— Пустое. Что я могу тебе сказать?
— Откуда мне знать? Тебе одному известно.
— То, что я хотел сказать, давно сказал. Ничего другого с тех пор придумать не смог.
— Тогда к чему была та комедия на днях?
— Так. Без глубоких причин. Хотел тебя видеть, и все.
— Вкусная отплата за несбывшуюся любовь, что ли?
В машинальной улыбке полных ярко-красных губ было что-то бесстыдное, однако Робер не ощутил желания реагировать.
Она смотрела на него без особого интереса и словно ожидала ответа. Потом сказала совсем без связи:
— Знаешь, а ты довольно сильно изменился. И не в лучшую сторону.
— Например?
— Например? Ставишь меня в неудобное положение…
— Ну, не деликатничай уж так.
— Я и не деликатничаю. Но перемен в тебе так много, что просто не знаю, с которой начать.
— Начни с чего хочешь, — безразлично предложил Робер, выплюнув на тротуар мокрый окурок и достав новую папиросу.
— Тогда начну с твоей отвратительной привычки разгуливать по всему рту сигаретой и беспрестанно барабанить пальцами по столу.
— Мелочи, — заметил Робер, перестав постукивать по мраморной плите.
— Неврастения — не мелочь.
Он не ответил. Только снова легонько застучал пальцами по столу.
— Да, ты довольно сильно изменился, малый. Состарился и даже подурнел. Когда-то ты был красавцем, Робер, а теперь подурнел.
— Я бы мог сказать то же самое о тебе, если б не был кавалером.
— Хорошо, хоть не говоришь. Теперь вижу, что кое-что с молодости у тебя сохранилось: злоба.
— Дело не в злобе. Дело скорее в возрасте.
— Могу тебя заверить, что больше двадцати восьми мужчины мне не дают.
— И столько тебе и есть….
— Именно так.
— Значит, когда-то я был влюблен в двенадцатилетнюю девочку. Хорошо хоть, что этого не поняли власти. Это ведь наказуемо, знаешь.
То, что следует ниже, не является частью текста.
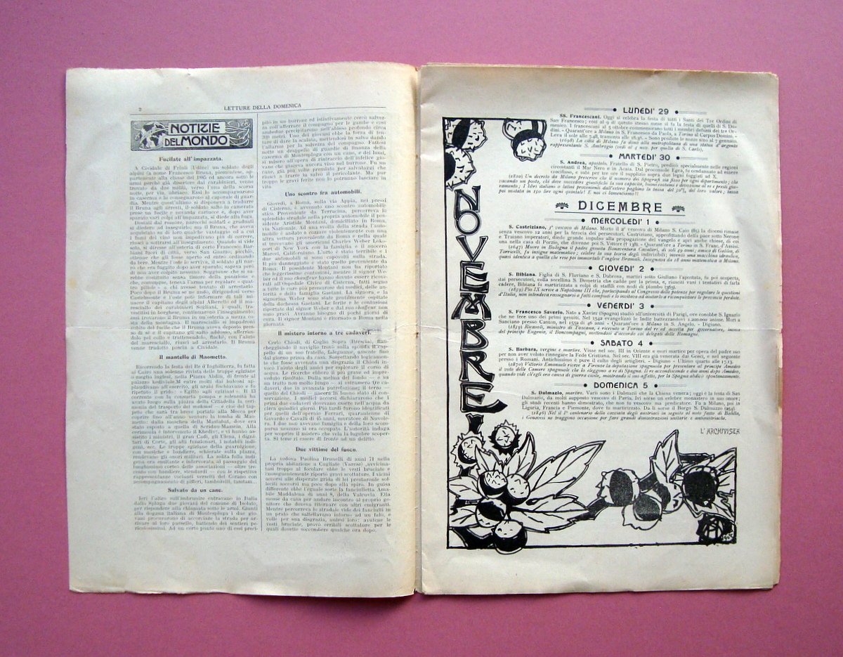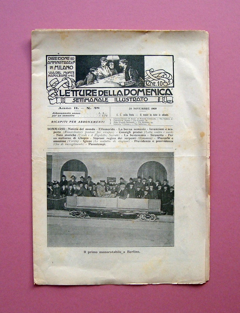 Periodico, Letture della Domenica" settimanale illustrato Anno II N.48 28 novembre 1909 Il Primo monorotabile a Berlino Milano, 1909; cm 32x22, pp. 14, bella ill a colori in copertina e molte ill. fot. in b/n nel t. e f.t. + inserz. pubblicitarie dell'epoca.Numero completo. Condizioni di conservazione Esemplare in buone condizioni con minime tracce d'uso e del tempo, margini con bruniture e piccoli strappetti, traccia di piega conservativa, per le condizioni vedi foto. Numero completo. SC03.D17668 blu "
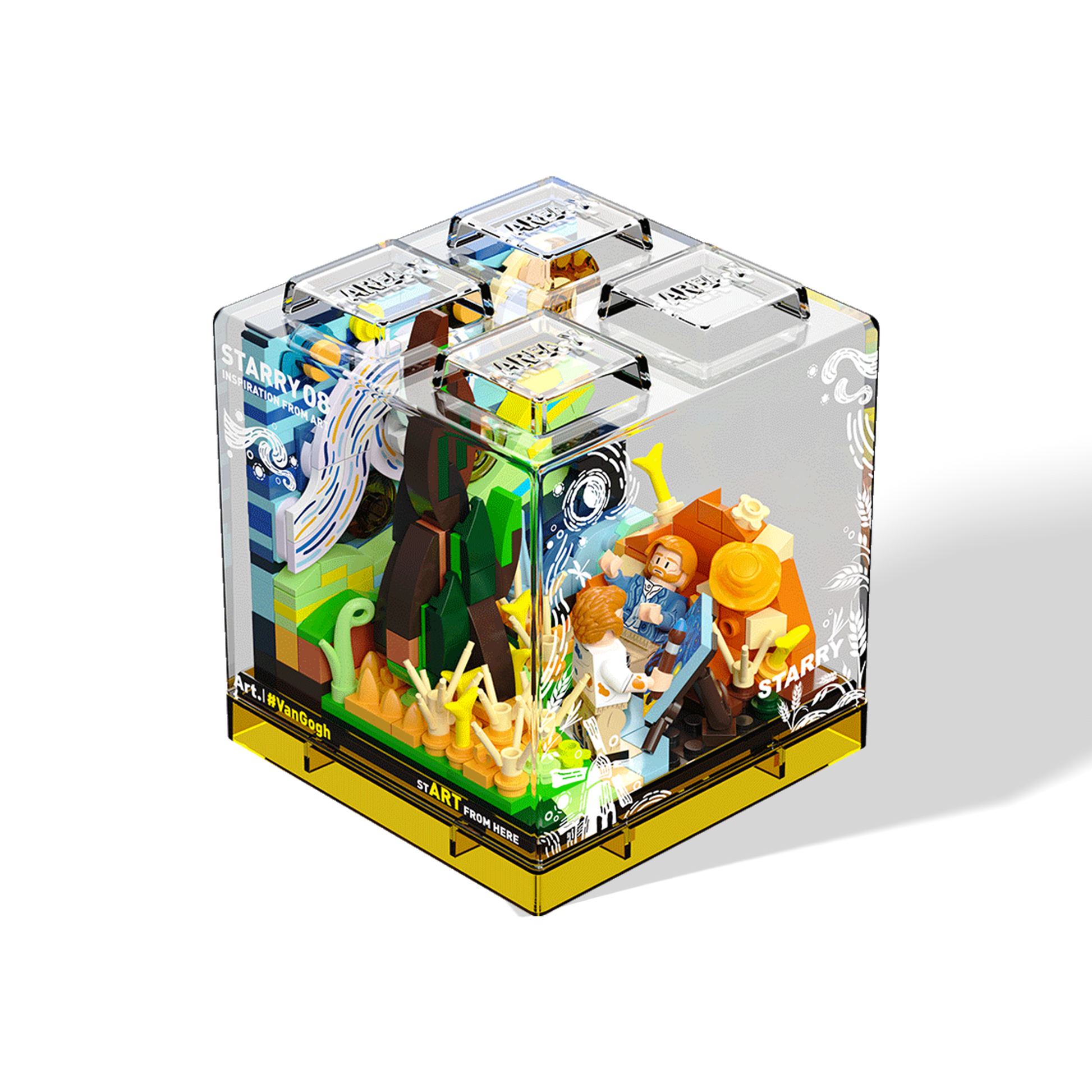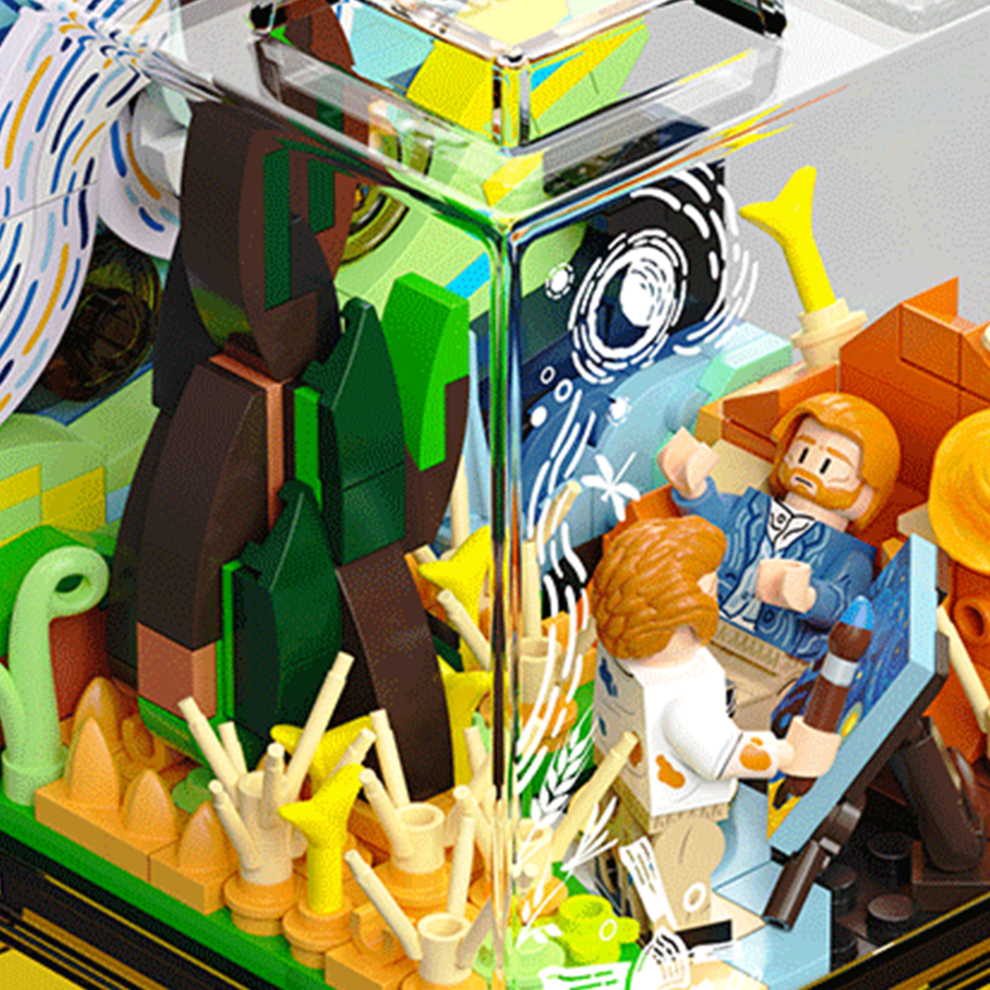 Lose yourself in swirling skies and golden fields with Starry (Van Gogh ver.), a poetic homage to the emotional brilliance of Vincent van Gogh. Reimagined in miniature bricks, this scene blends the turbulence of The Starry Night with the quiet persistence of artistic creation.

— Наказуемы лишь деяния. А деяниями, если мне не изменяет память, ты похвастаться не можешь.
— Верно, — равнодушно кивнул Робер. — Вообще, все, что ты говоришь, верно. Ты выглядишь на двадцать восемь, а я лишь по злобе своей даю тебе еще восемь, и мы с тобой — это цветок в каплях росы да развалина, собранные в странном сожительстве.
— Никакого сожительства нет.
— Чудесно, нет и сожительства. Сожительство — это для того, толстого. Уж не господин ли супруг, случайно?
— Супруга у меня нет.
— Значит, любовник.
— Ну, и что с того?
— Ничего.
— Тогда выпьем по маленькой на посошок да разойдемся.
Робер заказал.
— С каких пор у тебя этот любовник?
— Не твое дело.
— Знаю. Просто так спрашиваю. С каких он у тебя пор?
— Нет, ну до чего ты надоедлив. Допрос, что ли, проводишь? По какому праву?
— Никакого допроса. Так, беседуем. Впрочем, если хочешь, можем сменить тему.
— Вот это что-то разумное.
«Верно, сменим тему. Станем говорить глупости — что придет в голову.»
Официант принес заказ.
Робер вытащил изо рта мокрый окурок и зажег новую сигарету. Затем поднял рюмку и отпил до половины.
— Ты становишься воздержаннее, — заметила Марианна.
— Нет. Просто бережливее.
— В затруднении?
Он кивнул.
— Плохо живешь?
Он снова кивнул.
— Костюм у тебя неплохой…
— Да, но единственный.
— Чем вообще занимаешься?
— Тем же, чем и раньше.
«Врешь. Ничем ты не занимаешься. И ничего не осталось у тебя от того Робера, который трудился. Ничего, кроме привычки держать сигарету во рту, чтобы освободить руки для кистей и палитры. Ну вот, теперь они у тебя совершенно свободны. Свободны от всего — даже от кистей и палитры.»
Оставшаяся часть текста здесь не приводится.